GRAND FORKS — The strongest solar storm in six years set off northern lights across much of Europe on Tuesday and could make viewing the aurora borealis dramatic in this region tonight.

GRAND FORKS — The strongest solar storm in six years set off northern lights across much of Europe on Tuesday and could make viewing the aurora borealis dramatic in this region tonight.

Solar flares or storms bring awesome sights, but they can also bring trouble.

According to the National Oceanic and Atmospheric Administration, problems can include current surges in power lines, and interference in the broadcast of radio, TV and telephone signals. No such problems were reported Tuesday.

Concerned about disruption to aircraft communications, Delta Air Lines Inc. said Tuesday that it was rerouting some transpolar flights between Asia and the U.S. to avoid the full impact of the solar storm, according to The Wall Street Journal.

The Atlanta-based carrier, which flies into Grand Forks, said some flights to Detroit from Hong Kong, Shanghai and Seoul took a more southerly route on overnight flights, though a spokesman said planes flew faster to keep schedules intact. Tuesday departures from the U.S. were expected to follow similar routes.

Even before particles from the solar storm reached Earth on Tuesday, the aurora borealis was dancing across the sky as far south as Ireland and England, where people rarely get a chance to catch the stunning light show, The Associated Press reported.

The eerie and dramatic northern lights are created when energetic particles from the sun excite oxygen and nitrogen atoms in the upper atmosphere causing them to emit light. There are more energetic particles during a solar flare.

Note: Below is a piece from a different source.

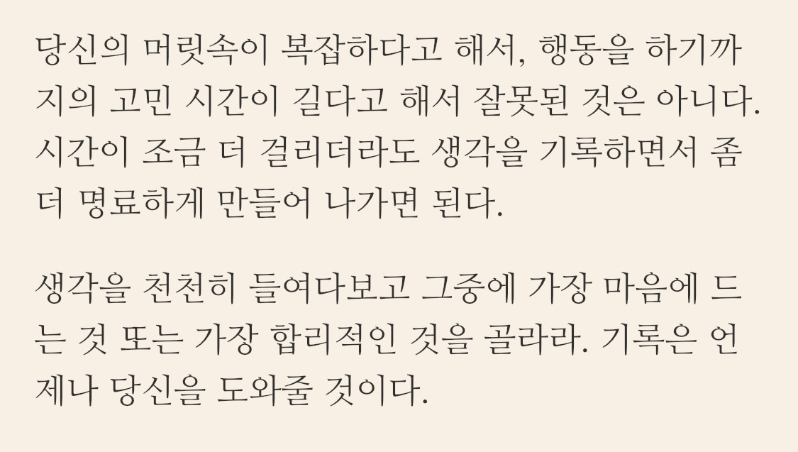와닿아야 실행에 옮기게 돼서 생각하고 받아들이는 과정이 남들보다 긴 것 같다. 타고나길 그런 건데 어쩌겠어.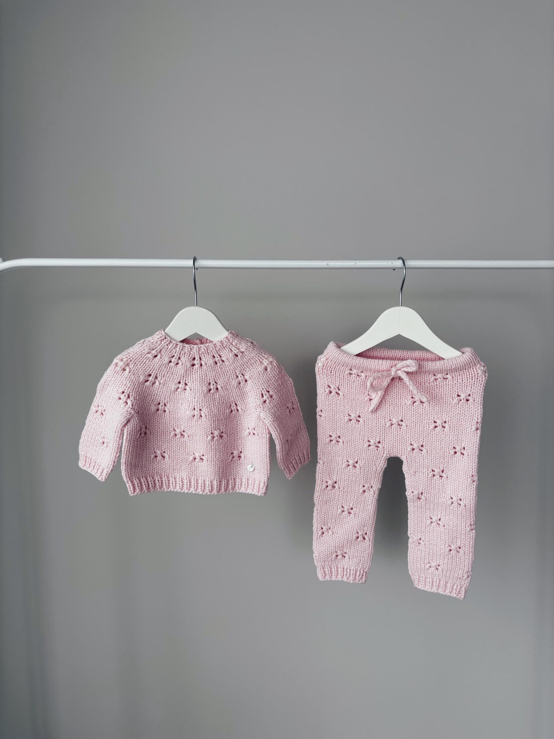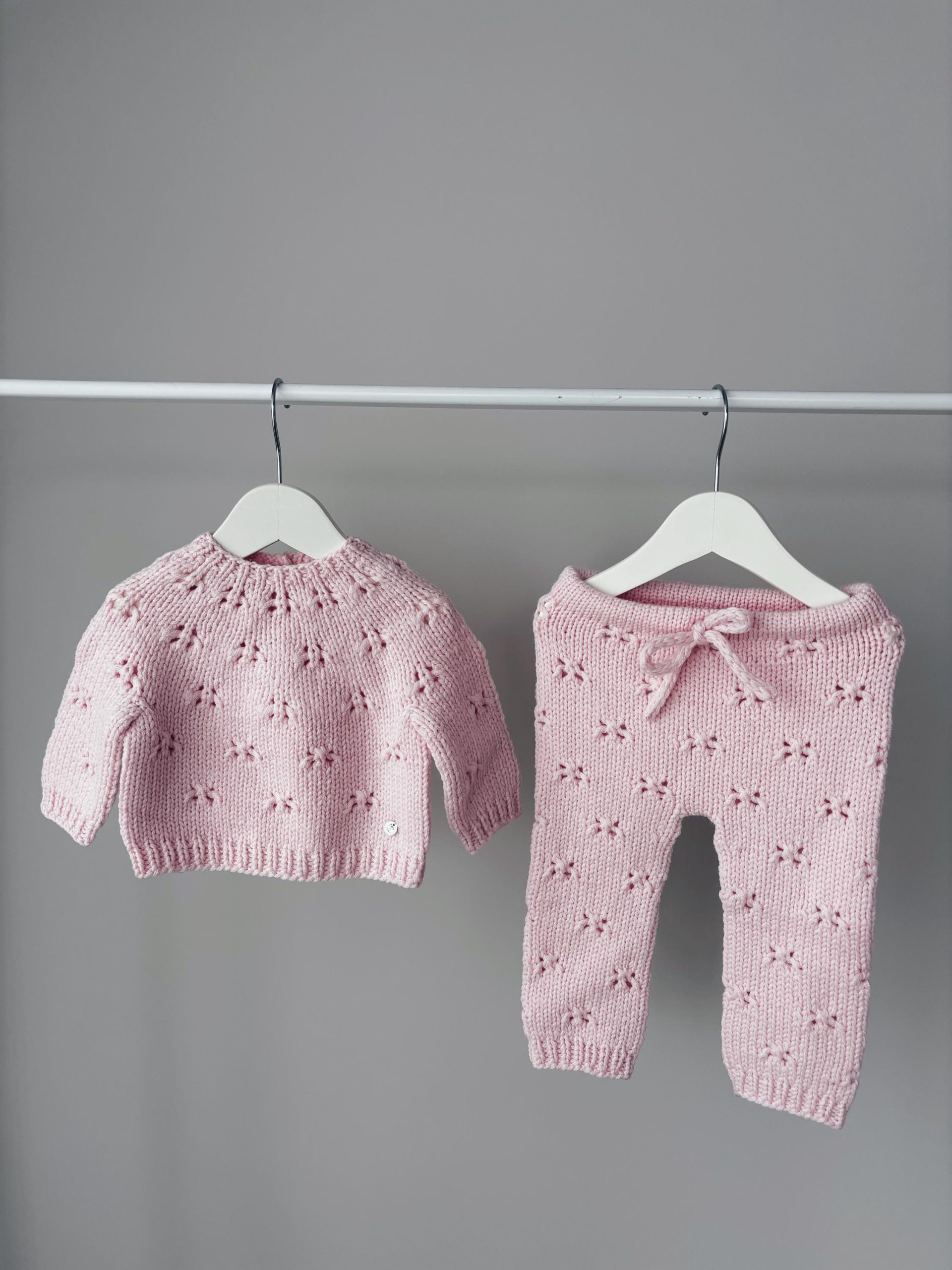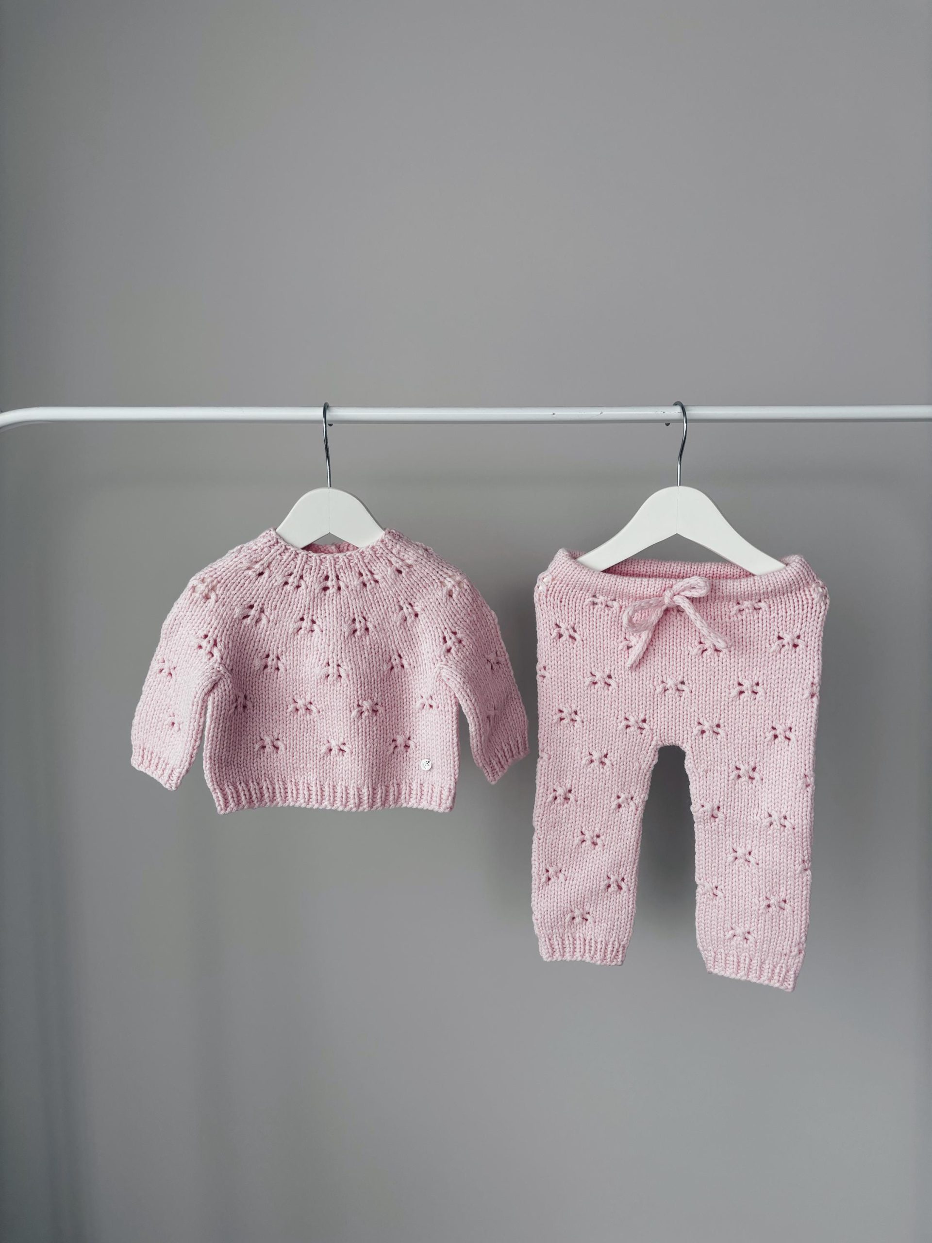 I have knitted this baby girl set from the wonderfully pale pink 100% merino wool.

Even experienced stargazers were stunned by the intensity of the aurora borealis that swept across the night sky in northern Europe after the biggest solar flare in six years.

“It has been absolutely incredible,” British astronomer John Mason cried from the deck of the MS Midnatsol, a cruise ship plying the fjord-fringed coast of northern Norway. “I saw my first aurora 40 years ago, and this is one of the best,” Mason told the AP, his voice nearly drowning in the cheers of awe-struck fellow

passengers.

Doug Biesecker of the U.S. Space Weather Prediction Center in Boulder, Colo., told the AP it appears Tuesday’s storm seemed mostly to miss the Earth, so the aurora borealis likely wouldn’t be visible very far south.

He said the northern lights being viewed in the United Kingdom likely were part of normal solar activity and not from the solar storm.